About character encodings



A character encodingmaps each character in a character set to a numeric value that a computer can represent. These numbers can be represented by a single byte or multiple bytes. For example, the ASCII encoding uses 7 bits to represent the Latin alphabet, punctuation, and control characters.

You use Japanese encodings, such as Shift-JIS, EUC-JP, and ISO-2022-JP, to represent Japanese text. These encodings can vary slightly, but they include a common set of approximately 10,000 characters used in Japanese.

The following terms apply to character encodings:

SBCS
Single-byte character set; a character set encoded in one byte per character, such as ASCII or ISO 8859-1.

DBCS
Double-byte character set; a method of encoding a character set in no more than 2 bytes, such as Shift-JIS. Many character encoding schemes that are referred to as double-byte, including Shift-JIS, allow mixing of single-byte and double-byte encoded characters. Others, such as UCS-2, use 2 bytes for all characters.

MBCS
Multiple-byte character set; a character set encoded with a variable number of bytes per character, such as UTF-8.

The following table lists some common character encodings; however, there are many additional character encodings that browsers and web servers support:

Encoding

Type

Description

ASCII

SBCS

7-bit encoding used by English and Indonesian Bahasa languages

Latin-1

(ISO 8859-1)

SBCS

8-bit encoding used for many Western European languages

Shift_JIS

DBCS

16-bit Japanese encoding

Note: Use an underscore character (_), not a hyphen (-) in the name in CFML attributes.

EUC-KR

DBCS

16-bit Korean encoding

UCS-2

DBCS

Two-byte Unicode encoding

UTF-8

MBCS

Multibyte Unicode encoding. ASCII is 7-bit; non-ASCII characters used in European and many Middle Eastern languages are two-byte; and most Asian characters are three-byte

The World Wide Web Consortium maintains a list of all character encodings supported by the Internet. You can find this information at www.w3.org/International/O-charset.html.

Computers must often convert between character encodings. In particular, the character encodings most commonly used on the Internet are not used by Java or Windows. Character sets used on the Internet are typically single-byte or multiple-byte (including DBCS character sets that allow single-byte characters). These character sets are most efficient for transmitting data, because each character takes up the minimum necessary number of bytes. Currently, Latin characters are most frequently used on the web, and most character encodings used on the web represent those characters in a single byte.

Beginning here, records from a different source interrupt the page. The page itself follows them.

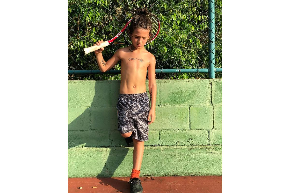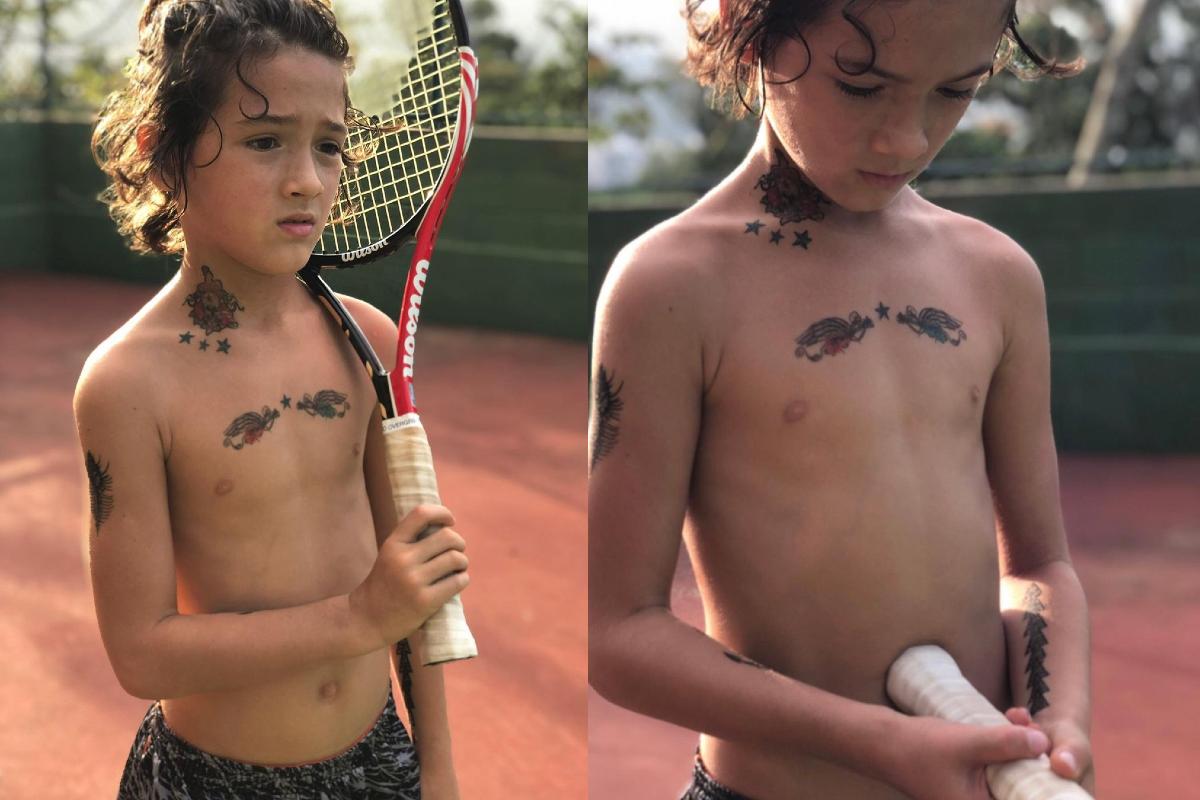 A atriz Danni Suzuki recebeu muitas críticas ao publicar uma sequência de fotos lindas do filho, Kauai, de 10 anos. Neste domingo, 29 de agosto, ela mostrou o menino jogando tênis com algumas tatuagens espalhadas pelo corpo.
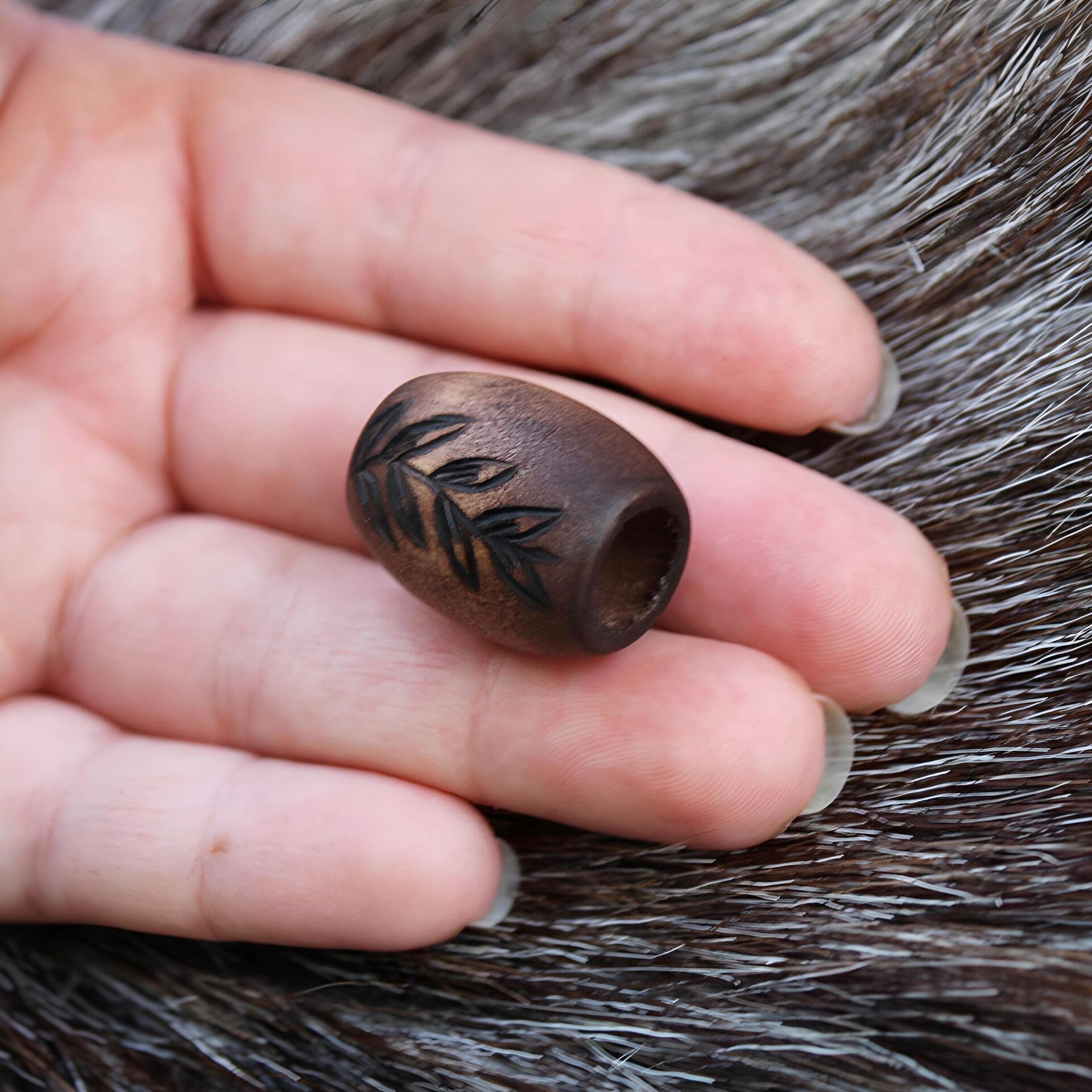 Tumman puun värinen, kauniilla lehtikuviolla polttokoristeltu puinen helmi.
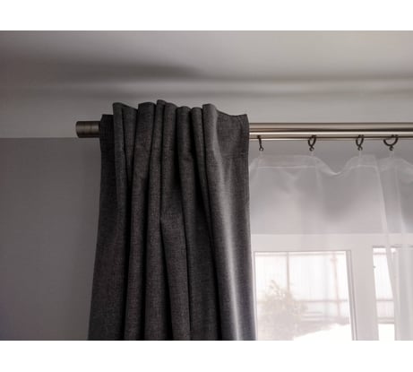 Хорошая гардина, прочный металл, выдерживающий тяжелые шторы, заглушки прочно фиксируются на штангах.
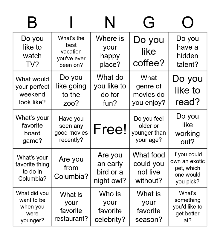 This bingo card has a free space and 24 words: Are you from Columbia?, What is your favorite restaurant?, What do you like to do for fun?, What did you want to be when you were younger?, Do you have a hidden talent?, Do you like to watch TV?, What would your perfect weekend look like?, What's the best vacation you've ever been on?, Do you feel older or younger than your age?, Are you an early bird or a night owl?, What genre of movies do you enjoy?, What's your favorite board game?, What food could you not live without?, If you could own an exotic pet, which one would you pick?, Do you like going to the zoo?, What is your favorite season?, Do you like working out?, Where is your happy place?, Do you like to read?, Have you seen any good movies recently?, What's something you'd like to get better at?, What's your favorite thing to do in Columbia?, Do you like coffee? and Who is your favorite celebrity?.
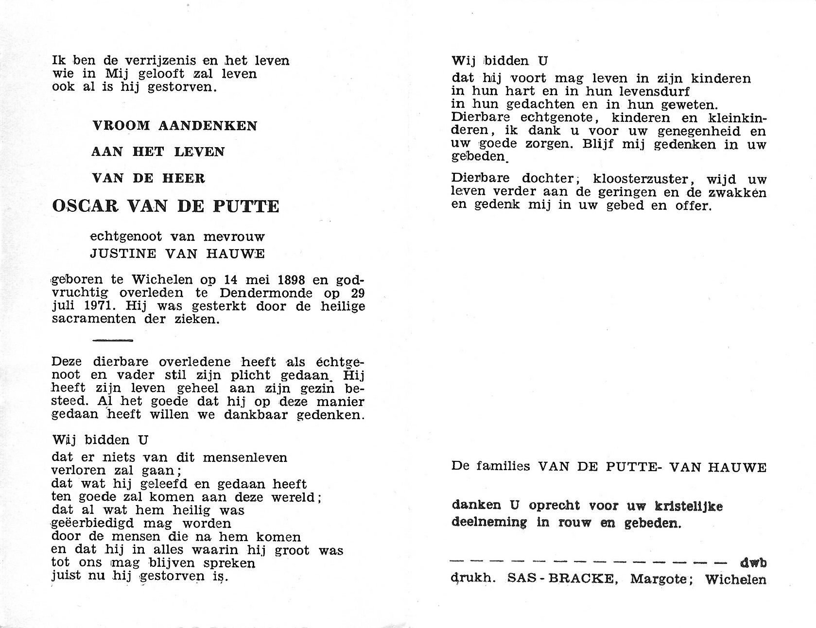 Overlijden van een broer | Oscar Van de Putte 29 juli 1971 (Leeftijd 80 jaar) |
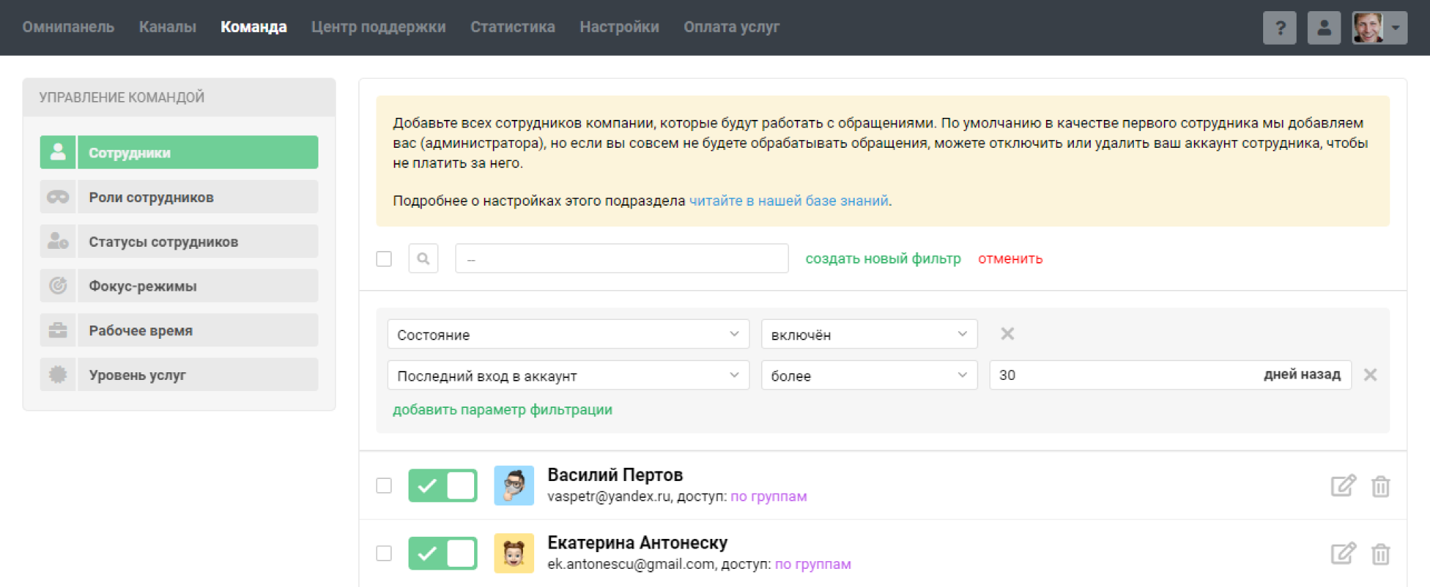 PRO подсказка: Фильтр по последнему входу поможет легко найти сотрудников, которые давно не входили в свои аккаунты. Например, если сотрудник не был в Омнидеске больше месяца, возможно, ему в принципе не нужен аккаунт в системе, и стоит его отключить/удалить, чтобы не тратить лишние деньги.
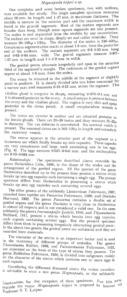 | Valid Name | Oochoristica leiperi (Wahid, 1961) Beveridge, 1994 |
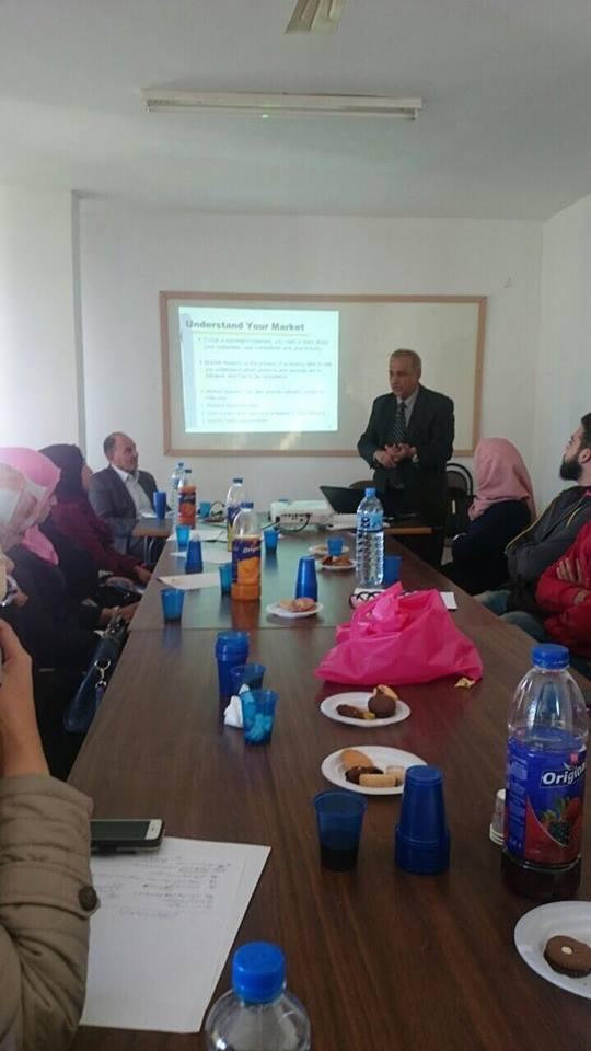 وقام د.نائل حطاب بالاستعانة بالبروفيسور جهاد ياسين محاضر في قسم الاقتصاد لتقديم هذه الورشة التي دارة محاورها حول كيفية تأسيس مشاريع تجارية صغيرة ومتوسطة، وحضر هذه الورشة مجموعة من افراد المجتمع.
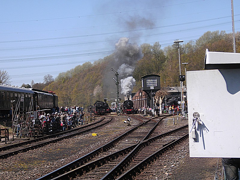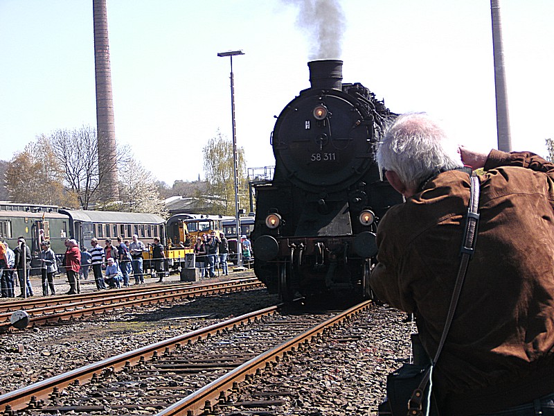 Unter Dampf standen heute die BR 38, BR 58, BR 78 und die BR 75. Diese Loks waren abwechselnd eingesetzt für den Pendelzug zum S-Bahnhof, dem Hbf und als Führerstandsmitfahr Lok. Ich habe heute nicht soviele Bilder gemacht wie sonst, denn das Meiste kennen die Leser meiner Seite ja schon seit Jahren. Auch wurde es ab ca. 11 Uhr brechendvoll dort und man konnte kaum eine Lok auf SD Karte bannen ohne das Leute mit auf dem Bild waren.
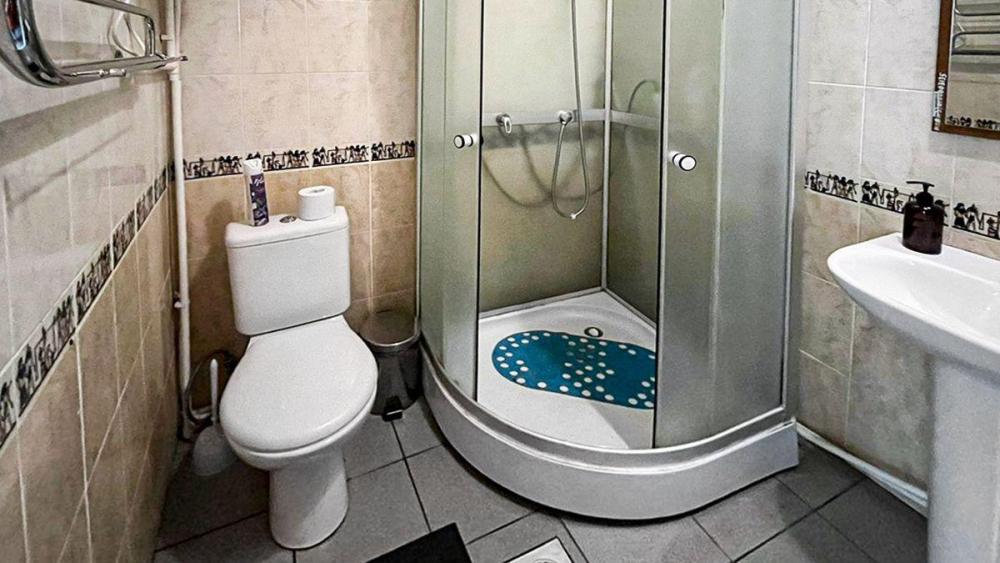 Номер с тремя односпальными кроватями и санузлом с душевой кабиной. К услугам гостей шкаф, стол и прикроватные тумбы.
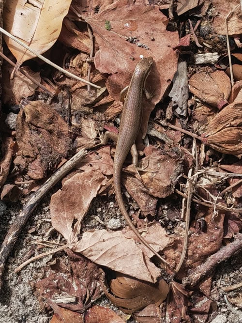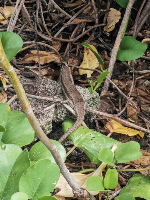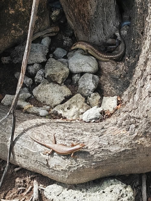 Nach wenigen Schritten entdeckten wir die ersten Echsen, die sich ohne Scheu sonnten.
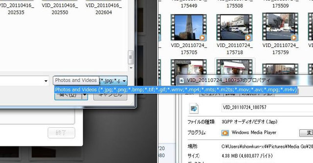 画像選択画面では拡張子「3GP」の動画が表示されない
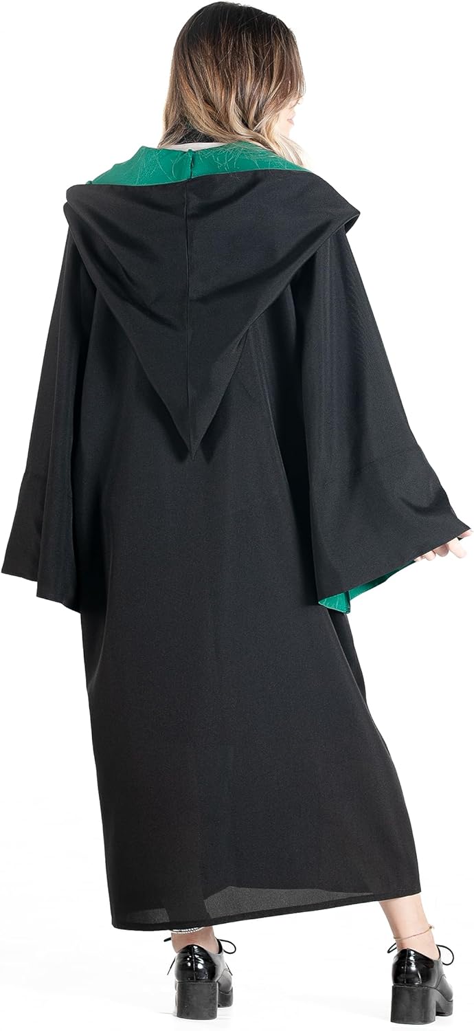 Prodotto originale licenziato Warner Bros. / Wizarding World Contenuto: Mantello con maniche con stemma Slytherin ricamato, cravatta Taglia unica adulto Stemma Slytherin ricamato Occasioni: Carnevale, Halloween, compleanni, party, feste a tema, spettacoli, saggi, recite, cosplay
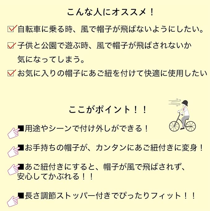 セット内のあご紐は、シンプルなものからよりセキュアなクリップ式まで、さまざまな帽子・用途に応じて選べます。自転車やハイキング、釣りなどのアウトドアシーンでの使用はもちろん、日常生活での突然の風による帽子の飛び防止にも役立ちます。また、子供から大人まで、家族全員で共有できる汎用性の高さも魅力の一つです。
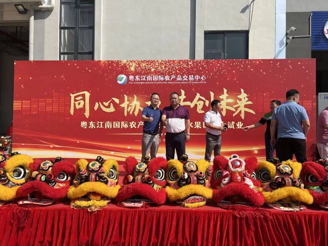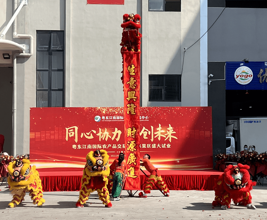 首先由黄镇裕董事长和叶灿江董事长分别为两只舞狮“点睛”,完成了传统的醒狮仪式,象征着江南市场的生意从此蒸蒸日上、繁荣兴盛。接着,鼓声雷鸣、锣声大响,舞狮在地上蓦然腾起、起舞拜礼。伴随着一阵阵鞭炮声,狮嘴里吐出了“生意兴隆、财源广进”的红底金字的吉祥条幅,在现场嘉宾和商户们的欢呼声中,粤东江南国际农产品交易中心水果区试业庆典正式开始。现场有多家广东省内外新闻媒体都对此盛况进行了采访报道、现场直播。
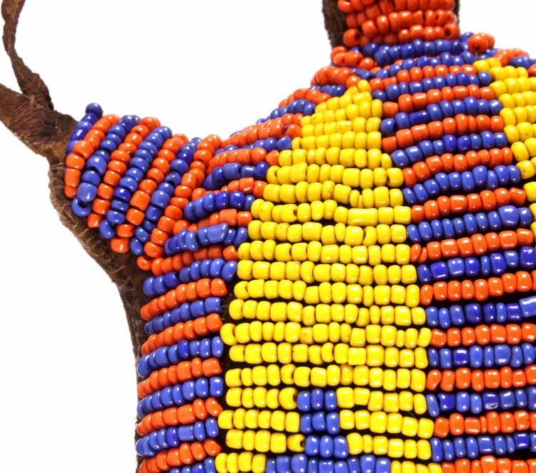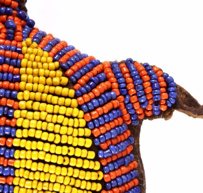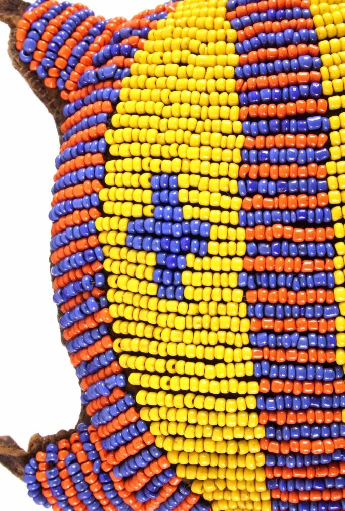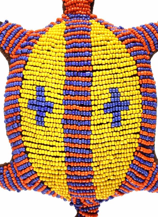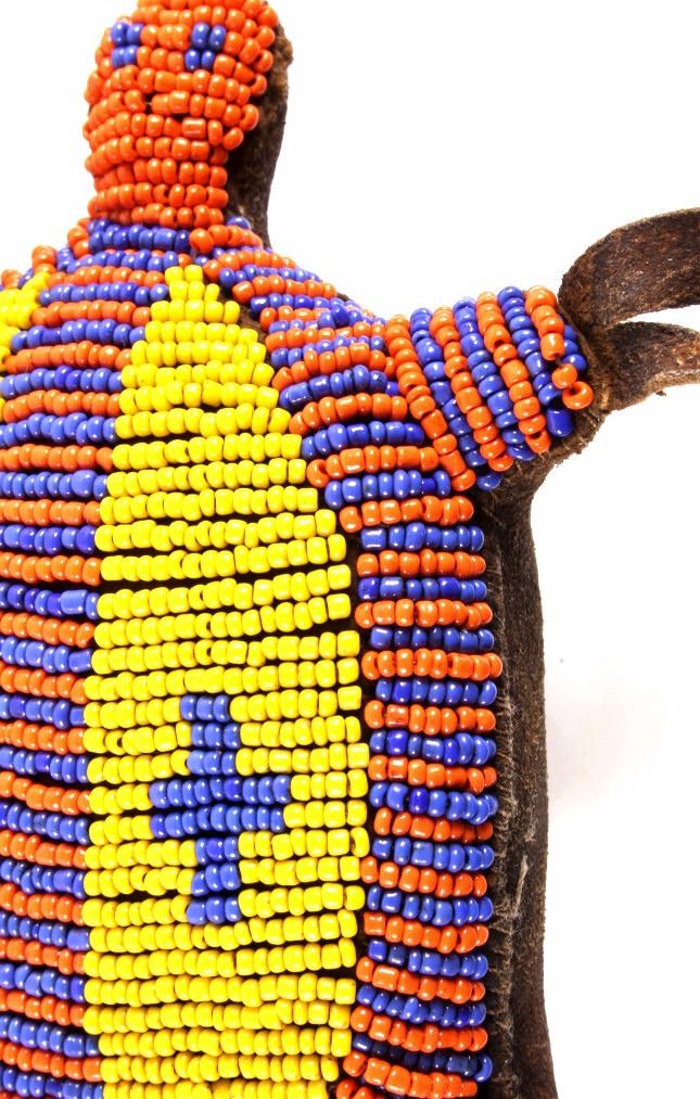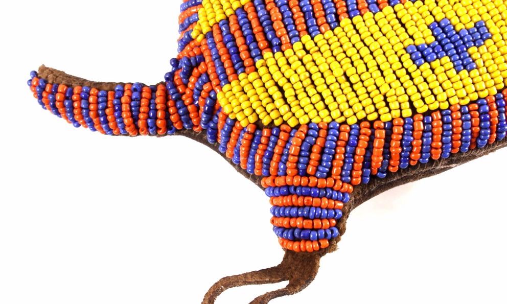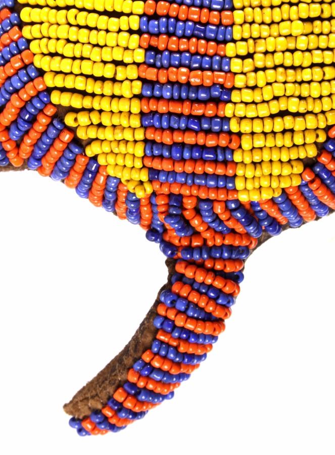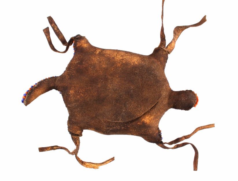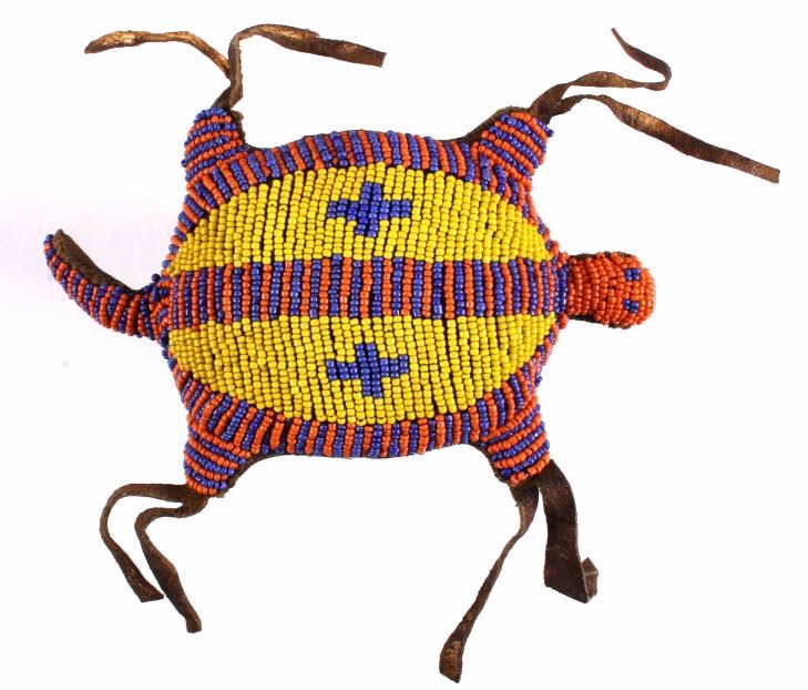 This is a Sioux beaded tortoise fetish from the early to mid 20th century. The piece is made on tanned hide and features a beautifully beaded design using seed beads such as Dark Blue, Corn Yellow and Orange. The Sioux fetish is in good condition with no visible damage or bead loss. It measures 4" x 6".

Computers, however, process data most efficiently if each character occupies the same number of bytes. Therefore, Windows and Java both use double-byte encoding for internal processing.

The Java Unicode character encoding

ColdFusion uses the Java Unicode Standard for representing character data internally. This standard corresponds to UCS-2 encoding of the Unicode character set. The Unicode character set can represent many languages, including all major European and Asian character sets. Therefore, ColdFusion can receive, store, process, and present text from all languages supported by Unicode.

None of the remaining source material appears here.